# **PHASE 2: DATA ENGINEERING (Days 5-8)**

## **DAY 5 (13/01/26) - Delta Lake Advanced**



### **Section 1 - Learn**:

### **_1. Time travel (version history)_**

Delta Lake **Time Travel** is a powerful feature that allows you to query historical versions of your data. Because every transaction (Insert, Update, Delete) is recorded in a versioned **Transaction Log**, you can "go back in time" to see exactly what your table looked like at any specific point.

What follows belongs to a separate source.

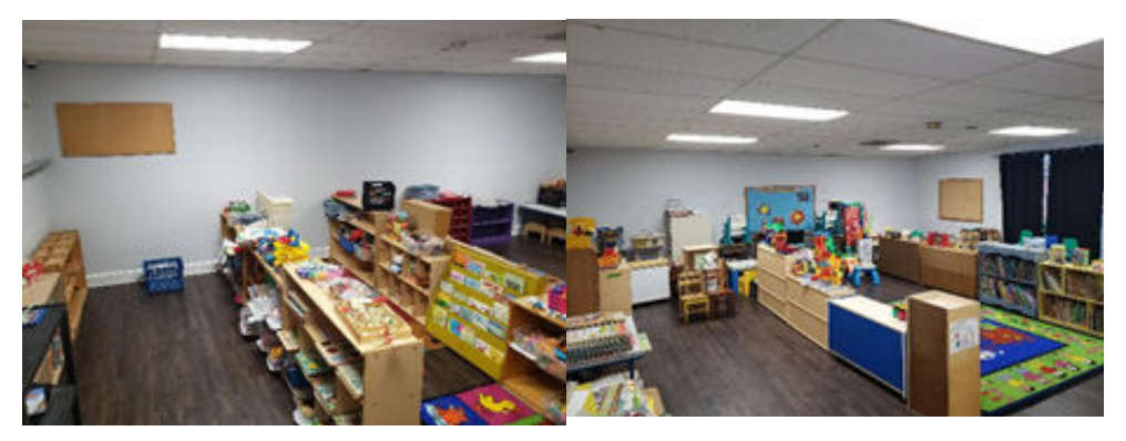
Your future Children's large group worship room!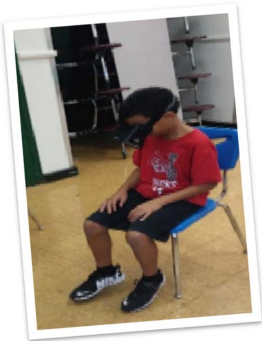
Crystal Lake Middle students utilized 3D goggles in order to experience and understand science standards.

Here are the key points in bullet form:

#### 1. How to Access History

* **The "DVR" for Data:** Every write operation creates a new **Version Number** (starting at 0) and a **Timestamp**.
* **Version Query:** You can query a specific version using `VERSION AS OF X`.
* **Timestamp Query:** You can query by a date or time string using `TIMESTAMP AS OF 'yyyy-MM-dd'`.

#### 2. Core Use Cases

* **Audit & Compliance:** Easily prove what data looked like during a specific month-end or financial close without maintaining manual backups.
* **Error Recovery:** If a bug in your code accidentally deletes or corrupts rows, you can instantly see the "good" data from the previous version.
* **ML Reproducibility:** Data scientists can re-run models on the exact same dataset version used months ago, ensuring consistent results for experiments.
* **Snapshot Isolation:** You can "pin" a set of queries to a single version of a fast-changing table so that your multi-step report doesn't change halfway through execution.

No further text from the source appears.